## PROVIDED RECORDS:
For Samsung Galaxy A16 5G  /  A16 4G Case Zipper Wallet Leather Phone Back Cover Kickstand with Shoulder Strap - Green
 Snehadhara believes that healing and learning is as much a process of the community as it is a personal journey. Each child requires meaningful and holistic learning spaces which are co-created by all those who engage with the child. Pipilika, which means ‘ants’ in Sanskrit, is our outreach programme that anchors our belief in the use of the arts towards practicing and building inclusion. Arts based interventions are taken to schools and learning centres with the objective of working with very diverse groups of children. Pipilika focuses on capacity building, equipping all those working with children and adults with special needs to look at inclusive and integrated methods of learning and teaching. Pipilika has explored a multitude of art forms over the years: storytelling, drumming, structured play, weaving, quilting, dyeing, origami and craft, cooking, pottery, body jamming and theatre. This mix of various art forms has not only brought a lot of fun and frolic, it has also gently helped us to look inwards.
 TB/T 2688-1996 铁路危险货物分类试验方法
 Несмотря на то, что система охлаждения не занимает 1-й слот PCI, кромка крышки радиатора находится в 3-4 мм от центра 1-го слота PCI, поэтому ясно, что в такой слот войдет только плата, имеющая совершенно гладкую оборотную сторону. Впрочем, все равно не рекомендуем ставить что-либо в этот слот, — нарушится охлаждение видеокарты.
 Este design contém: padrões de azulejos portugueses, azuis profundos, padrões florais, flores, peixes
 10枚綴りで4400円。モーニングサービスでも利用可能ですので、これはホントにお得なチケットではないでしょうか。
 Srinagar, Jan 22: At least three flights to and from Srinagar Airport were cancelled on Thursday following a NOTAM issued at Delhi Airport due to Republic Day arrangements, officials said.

* * *

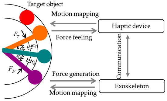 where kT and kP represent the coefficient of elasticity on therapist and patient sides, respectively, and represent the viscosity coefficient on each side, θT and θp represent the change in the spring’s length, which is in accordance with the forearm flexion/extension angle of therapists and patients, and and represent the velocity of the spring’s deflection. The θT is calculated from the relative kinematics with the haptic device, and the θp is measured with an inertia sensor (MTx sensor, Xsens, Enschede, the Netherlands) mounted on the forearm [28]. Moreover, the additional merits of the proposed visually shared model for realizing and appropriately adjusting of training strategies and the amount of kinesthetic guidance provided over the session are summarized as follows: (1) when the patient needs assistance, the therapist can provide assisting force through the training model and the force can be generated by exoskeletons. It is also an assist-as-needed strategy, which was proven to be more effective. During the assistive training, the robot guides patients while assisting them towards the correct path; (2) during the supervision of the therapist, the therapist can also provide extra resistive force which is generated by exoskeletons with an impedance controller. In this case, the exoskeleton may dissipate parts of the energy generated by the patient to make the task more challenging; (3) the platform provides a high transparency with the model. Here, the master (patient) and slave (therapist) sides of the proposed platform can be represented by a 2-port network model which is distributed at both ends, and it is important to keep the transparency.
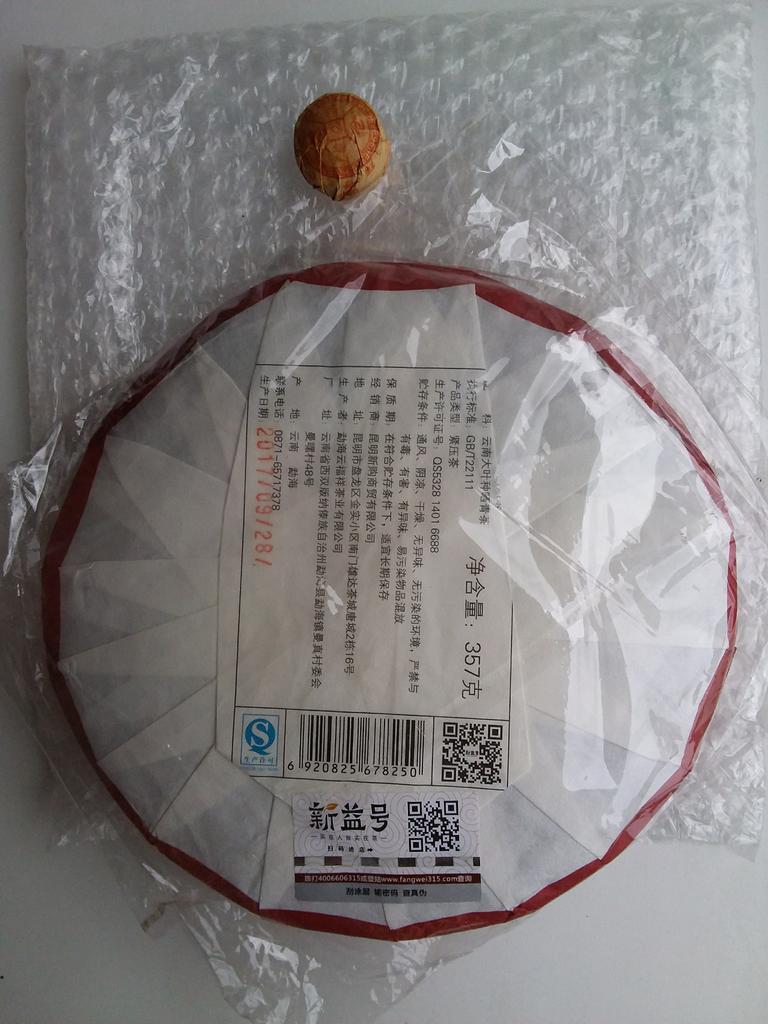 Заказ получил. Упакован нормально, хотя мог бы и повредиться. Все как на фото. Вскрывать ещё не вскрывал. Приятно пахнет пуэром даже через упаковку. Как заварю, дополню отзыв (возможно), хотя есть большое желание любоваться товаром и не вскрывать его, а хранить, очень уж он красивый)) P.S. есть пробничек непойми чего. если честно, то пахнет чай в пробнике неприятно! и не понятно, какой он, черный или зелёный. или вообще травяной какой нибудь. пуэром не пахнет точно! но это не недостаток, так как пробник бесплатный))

==

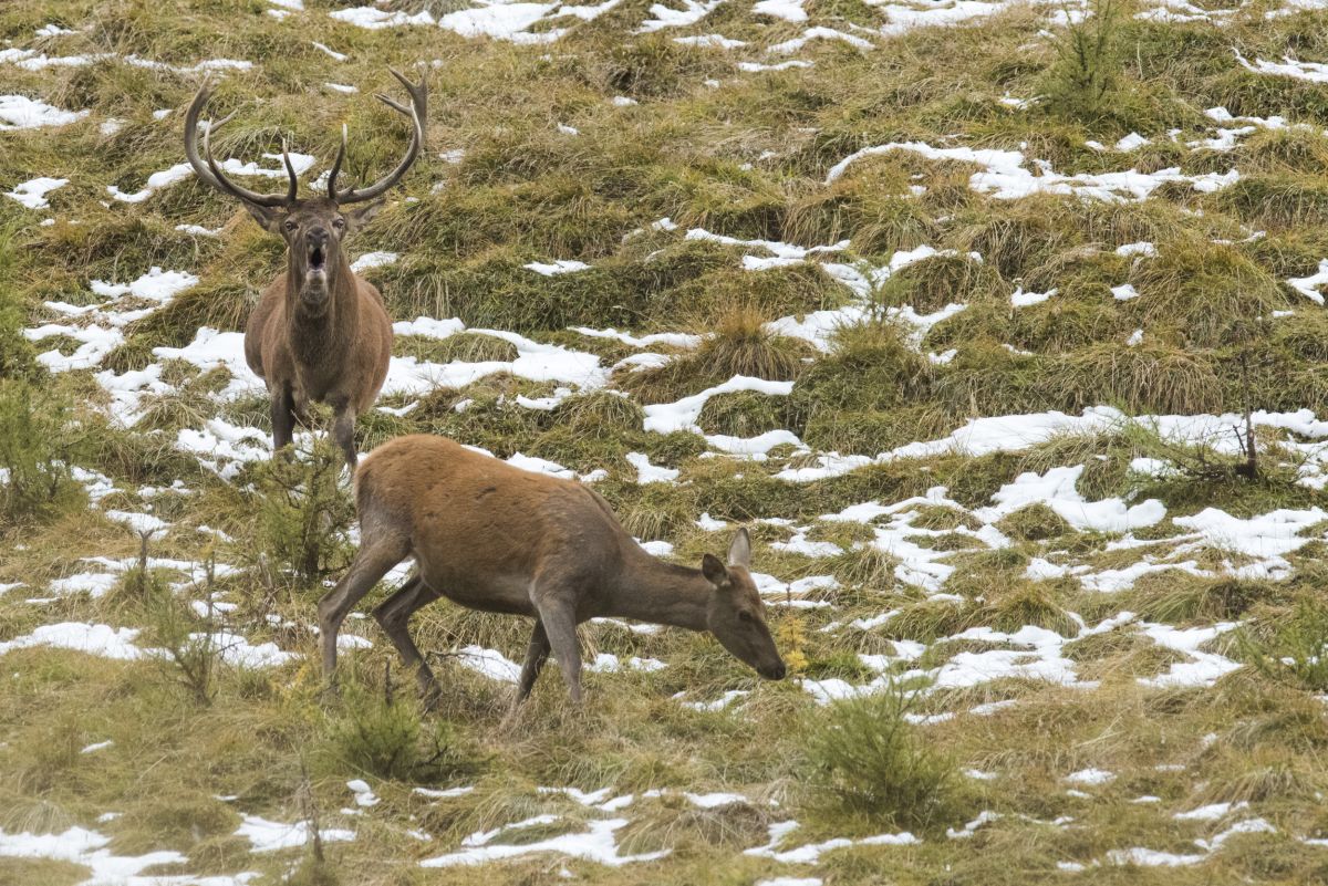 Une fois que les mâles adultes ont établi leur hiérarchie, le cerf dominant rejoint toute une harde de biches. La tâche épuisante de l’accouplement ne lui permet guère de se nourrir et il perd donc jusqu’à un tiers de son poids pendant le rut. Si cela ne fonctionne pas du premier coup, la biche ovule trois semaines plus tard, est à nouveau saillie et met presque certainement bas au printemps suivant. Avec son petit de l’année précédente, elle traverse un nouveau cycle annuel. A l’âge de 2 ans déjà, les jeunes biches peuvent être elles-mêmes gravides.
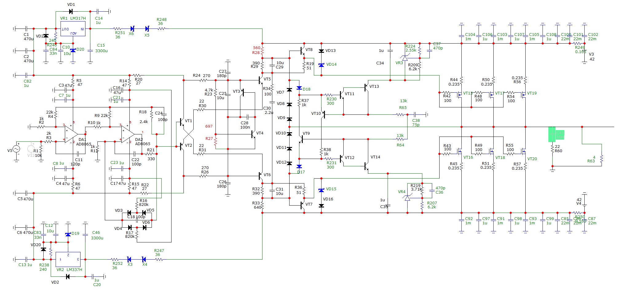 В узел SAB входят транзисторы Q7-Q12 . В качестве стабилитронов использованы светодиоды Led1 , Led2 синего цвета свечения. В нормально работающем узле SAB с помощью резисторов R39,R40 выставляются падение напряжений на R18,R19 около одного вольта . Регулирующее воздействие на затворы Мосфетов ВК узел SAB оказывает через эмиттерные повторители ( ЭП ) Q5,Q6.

## TASK ITEM:
Return only the stretch of the material above from the line holding "10枚綴りで4400円。モー" through the line holding "Srinagar, Jan 22: At", copied exactly.

## ANSWER BOX:
 10枚綴りで4400円。モーニングサービスでも利用可能ですので、これはホントにお得なチケットではないでしょうか。
 Srinagar, Jan 22: At least three flights to and from Srinagar Airport were cancelled on Thursday following a NOTAM issued at Delhi Airport due to Republic Day arrangements, officials said.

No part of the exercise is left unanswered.